Figure 6. Functional analysis of CTNNB1 and PIK3CA co-mutations detected in EGFR-mutant lung adenocarcinoma

(a) IHC staining for nuclear β-Catenin or serine-473-phosphorylated AKT (Mean ± S.E.M. images representative of 3 images per panel, scale bar = 50 microns). (b) Immunoblot analysis of HCC827 cells infected with empty vector (E.V.) or constructs that overexpress β-Catenin p.Ser37Phe, PIK3CA p.Gly106Val, or both proteins. Cells were treated with 100 nM erlotinib (E) or rociletinib (R) or vehicle control (veh), and immunoblot analysis performed on cellular extracts. Relative proportions of cleaved-PARP to total PARP and p-AKT to total AKT are indicated. Images are representative of immunoblots from 3 independent cell culture experiments (c) Cellular viability assay (Methods) of HCC827 NSCLC cells engineered to overexpress β-Catenin p.Ser37Phe and/or PIK3CA p.Gly106Val. Relative cell viability compared to DMSO-treated control is indicated. Images are representative of 3 independent cell culture experiments. Cellular growth (d), invasion (e) and migration (f) assays (Methods) comparing HCC827 cells engineered to express the indicated proteins (mean ± S.E.M. from 3 independent cell culture experiments, P-Values determined by ANOVA with Bonferroni’s correction). (d) F = 4.844, DF = 8. (e), F = 5.095, DF = 8. (f), F = 9.633, DF = 8. (g) Quantitative-PCR (Q-PCR) of β-Catenin target genes (mean ± S.E.M from 2 independent experiments). P-Values compared to PIK3CA p.Gly106Val control, ANOVA with Bonferroni’s correction (MYC: F= 6.5, DF = 3; CCND1: F = 107, DF = 3; LEF1: F = 9.5, DF = 3; HOXB9: F = 23.3, DF = 3).

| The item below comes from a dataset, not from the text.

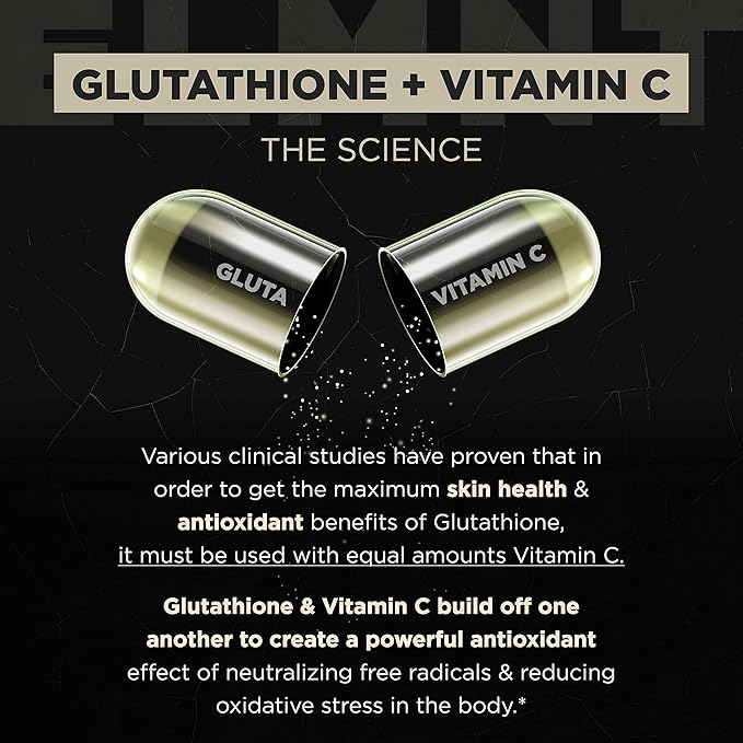 - ๐ฆ๐จ๐ฃ๐๐ฅ ๐๐๐จ๐ง๐๐ง๐๐๐ข๐ก๐ ๐ง๐ฅ๐๐ฃ๐๐ ๐๐๐ง๐๐ข๐ก ๐๐ข๐ฅ๐ ๐จ๐๐. Studies have shown when taken with equal amounts of Vitamin C, the efficacy of L-Glutathione supplementation is amplified tremendously, which is why ELMNT Super L Glutathione capsules contain a powerful 2000mg formula of Glutathione 1000mg + Vitamin C 1000mg to achieve optimal results, plus enhanced with Quercetin and phospholipid liposomal layer.*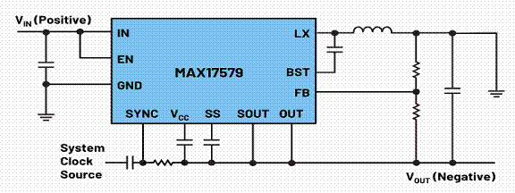 圖3.MAX17579設計為反相降壓-升壓穩(wěn)壓器,其中已集成電平轉換功能

Figure 7. Clonality analysis of co-occurring genetic alterations detectable in the cfDNA of advanced-stage NSCLC patients

The distribution of clonal and subclonal alterations were determined in (a) EGFR-mutant positive (n=1122) vs. EGFR-mutant negative (n=944) NSCLC, and (b) EGFR-mutant p.Thr790Met (T790M) positive (n=440) vs. EGFR-mutant p.Thr790Met (T790M) mutant negative (n=682) NSCLC. Red line indicates division between clonal (≥ 0.2 MAF/Maximum MAF) and subclonal (< 0.2 MAF/Maximum MAF) as defined in the text and Supplementary Fig. 10. P-values determined by two-tailed Fisher’s Exact test. See also Supplementary Fig. 10 and Supplementary Datasets 1 and 2.

Figure 8. Evolution of the understanding of the genetic pathogenesis of oncogene-positive (here, EGFR-mutant) lung cancer

(a) Traditional view of lung cancer based on histopathological analysis. Lung adenocarcinoma, scale bar = 50 microns. (b) Current molecular classification of NSCLC based on single-gene driver oncogene status, depicting the current view of mutually-exclusive driver oncogenes, as shown in the pie chart with frequency of each driver alteration in lung adenocarcinoma. (c) The proposed new model of EGFR-mutant NSCLC pathogenesis arising from our findings: a re-classification of advanced-stage EGFR-mutant NSCLC based on the co-occurring genetic alterations that our dataset revealed (shown here at the pathway level). We propose that advanced-stage EGFR-mutant NSCLCs contain co-occurring genetic alterations that function collaboratively as co-drivers of tumor progression and drug resistance. We now need to identify and co-target these co-occurring functional genetic alterations beyond mutant EGFR itself in patients, early and dynamically during treatment, in order to improve patient survival. The finding of extensive co-occurring alterations within advanced-stage EGFR-mutant NSCLC at scale now paves the way for studying the biological and clinical impacts of genetic interactions that are created by the co-alterations present in these EGFR-mutant NSCLCs.